Ляха в стиле роботизированных автоматических боевых систем, или попросту пулеметные турели РАБС, установленные по внешнему периметру базы и отстреливающие зараженных, водила винтовкой по левому флангу, потом по правому, потом в центре, потом быстро перезаряжала магазин и снова возвращалась туда, куда ее посылала Фелин, высчитывающая мощь вражеской атаки.
— Солнечный день — в ослепительных снах!
Знаменитая песня Ляжки, перевод которой не все мы знали хорошо, но слова которой знали наизусть, всегда обозначала безопасность, точно мамина колыбельная. Тихий голос Ляжки напевал грустную мелодию, а русские слова добавляли драматизма — русский язык всегда казался мне набором магических заклинаний.
Ляжка пела не только для себя, как средство, успокаивающее нервы и дарящее концентрацию во время снайперского обстрела, она пела для всех Падальщиков, слушающих ее русский призыв воевать за свободу и остатки человечности в наших душах, она напоминала нам всем о тех живущих на базе матерях, отцах и детях, которые Генералитет решил возложить на жертвенный алтарь ради собственного выживания.
Ряды защитников Красной Звезды неуклонно редели, враги, пусть даже слепые в белом тумане, отслеживали нас по ярким искрам разрезающих воздух пуль, пущенных из разгоряченных дул. Но никто не смел обнажить Красную Звезду, тут же прикрывая ее собственной грудью в образовавшейся бреши.
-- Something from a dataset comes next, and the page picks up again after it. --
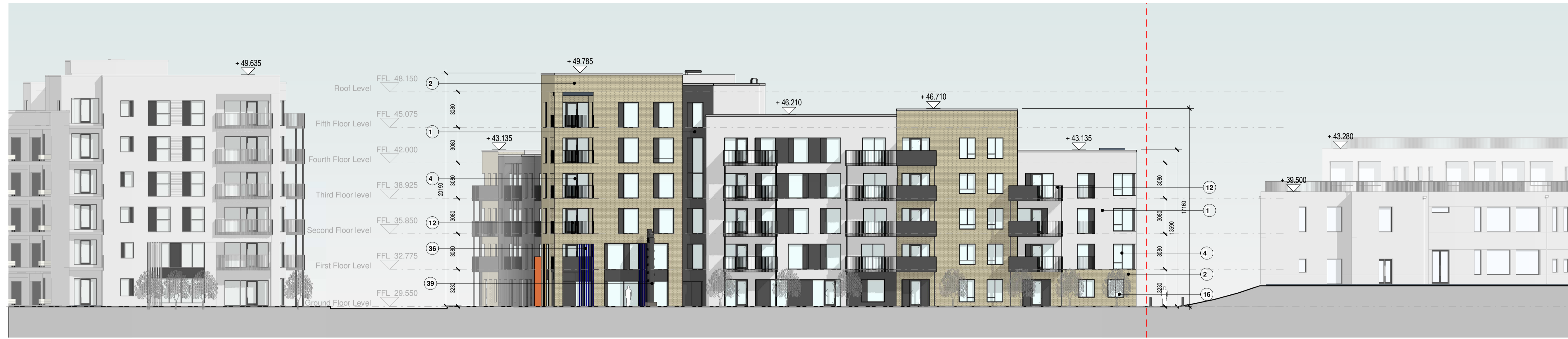
3 BLOCK F - EAST FACADE ALONG GORT NA BRO 1 : 200

Иконка уже мигала цифрами сорок три и заставляла верить в победу все реже звучавшими автоматными очередями со стороны противников. Нет, нам не победить сегодня, но если нам удастся устроить передышку хотя бы на пять минут, мы выиграем драгоценное время для наших ребят внутри Зон.
И вдруг противник затих.
Истерзанное громкими звуками, хлопками ухо не сразу обратило внимание мозга на этот внезапно появившийся неестественный факт: тишину посреди поля боя. Мы рефлекторно продолжали стрелять туда, где еще секунду назад видели врагов, и лишь спустя мгновение поняли, что бойцы вдруг резко исчезли из виду, прекратив обстреливать нас. Нет, они не были мертвы, они все затаились за баррикадами, стенами, дверями, остановив всякое сопротивление нашему напору, словно добровольно сдавались после часа стрельбы.
— Что происходит?
— Почему они больше не стреляют?
— Куда они подевались?
— Тихо! Они все еще здесь!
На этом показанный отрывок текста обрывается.